Cela ressemble aux années 1980, du moins au Nicaragua. Le Front sandiniste de libération nationale a accédé au pouvoir en 1979, puis a érigé une dictature marxiste soutenue par les Soviétiques et dirigée par Daniel Ortega, qui a persécuté de nombreuses églises. Aujourd’hui, le régime sandiniste – toujours dirigé par Ortega et son épouse, la vice-présidente Rosario Murillo – continue de persécuter les églises. Le régime tourmente déjà l’Église catholique romaine et, en août, il a fermé 1 500 organisations non gouvernementales, dont de nombreux groupes protestants, et, dans de nombreux cas, a saisi des biens.

En 2020, près de 40 pour cent des Nicaraguayens sont évangéliques, tandis que 45 pour cent sont catholiques.

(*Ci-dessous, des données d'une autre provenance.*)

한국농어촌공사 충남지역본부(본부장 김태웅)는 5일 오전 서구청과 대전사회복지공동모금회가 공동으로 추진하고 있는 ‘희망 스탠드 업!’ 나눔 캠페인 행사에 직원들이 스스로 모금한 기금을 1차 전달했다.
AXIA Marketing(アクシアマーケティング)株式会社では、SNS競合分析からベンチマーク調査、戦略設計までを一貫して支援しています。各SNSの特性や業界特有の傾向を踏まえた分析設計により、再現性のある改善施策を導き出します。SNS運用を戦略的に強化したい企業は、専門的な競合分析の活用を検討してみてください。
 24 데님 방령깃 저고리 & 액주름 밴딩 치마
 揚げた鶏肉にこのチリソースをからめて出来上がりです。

Depuis les manifestations anti-régime de 2018, 250 membres du clergé catholique et autres dirigeants, dont trois évêques, ont été expulsés ou contraints de fuir. L'Église catholique, comme dans les années 1980, s'est prononcée ouvertement contre les violations des droits de l'homme commises par les sandinistes, tandis que les évangéliques se sont montrés plus discrets. Peut-être que cela va maintenant changer.

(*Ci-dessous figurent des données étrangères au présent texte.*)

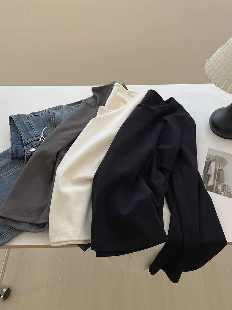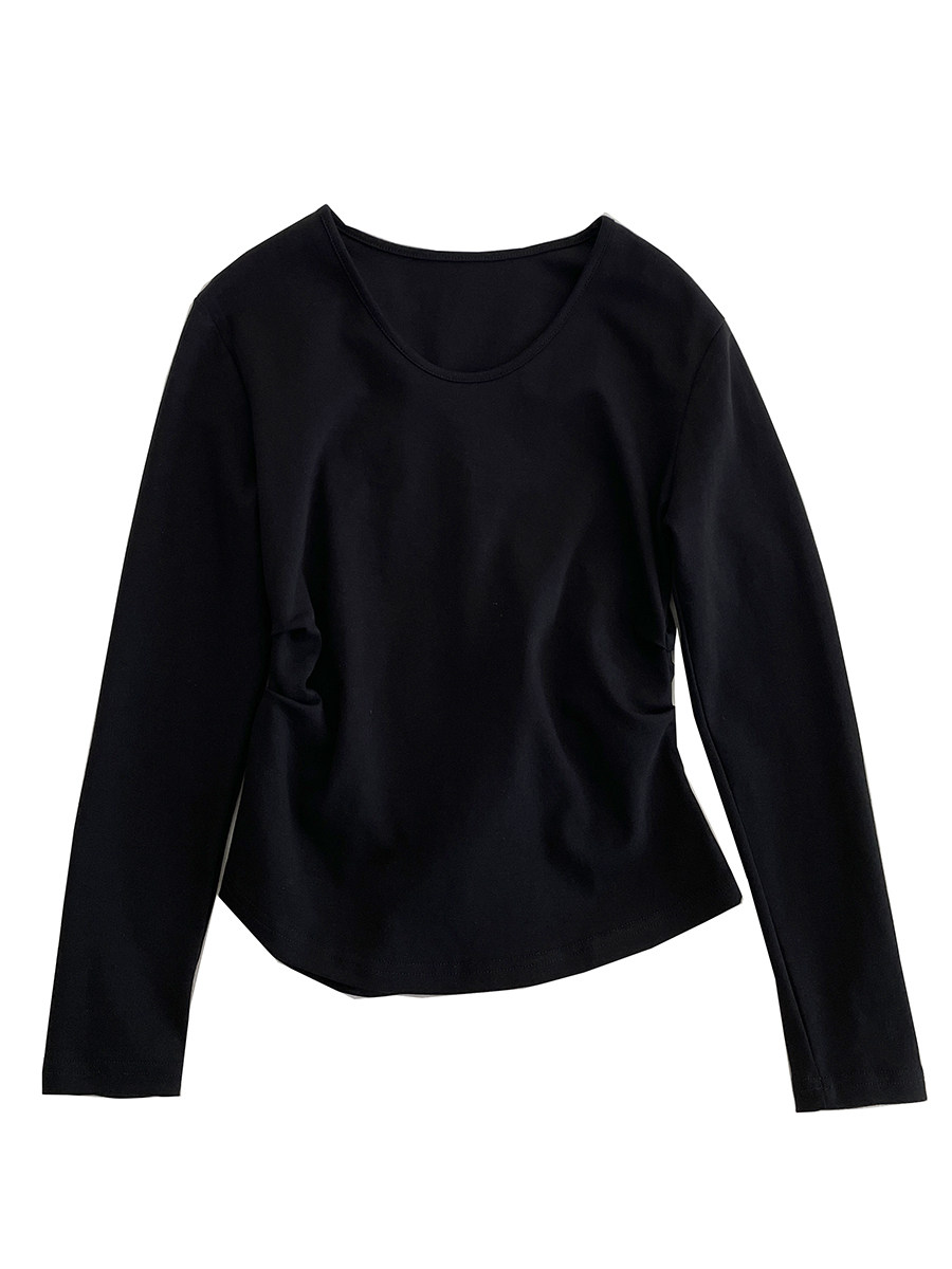 双侧褶皱收腰显瘦长袖打底衫

Les dernières persécutions ressemblent à du déjà-vu. De nombreux chrétiens progressistes se sont réjouis en 1979 lorsque les sandinistes ont renversé le dictateur Anastasio Somoza. Les sandinistes étaient apparemment l’avant-garde de la libération socialiste en Amérique centrale grâce à l’enseignement de la théologie de la libération, qui tente de combiner le marxisme et le christianisme. De nombreux catholiques et protestants américains ont afflué au Nicaragua dans les années 1980, espérant voir le royaume de Dieu s'ouvrir devant eux. Certains confrères du Nicaragua étaient d’accord. Quatre prêtres catholiques ont servi de manière importante dans le régime sandiniste, dont le ministre de la Culture Ernesto Cardenal.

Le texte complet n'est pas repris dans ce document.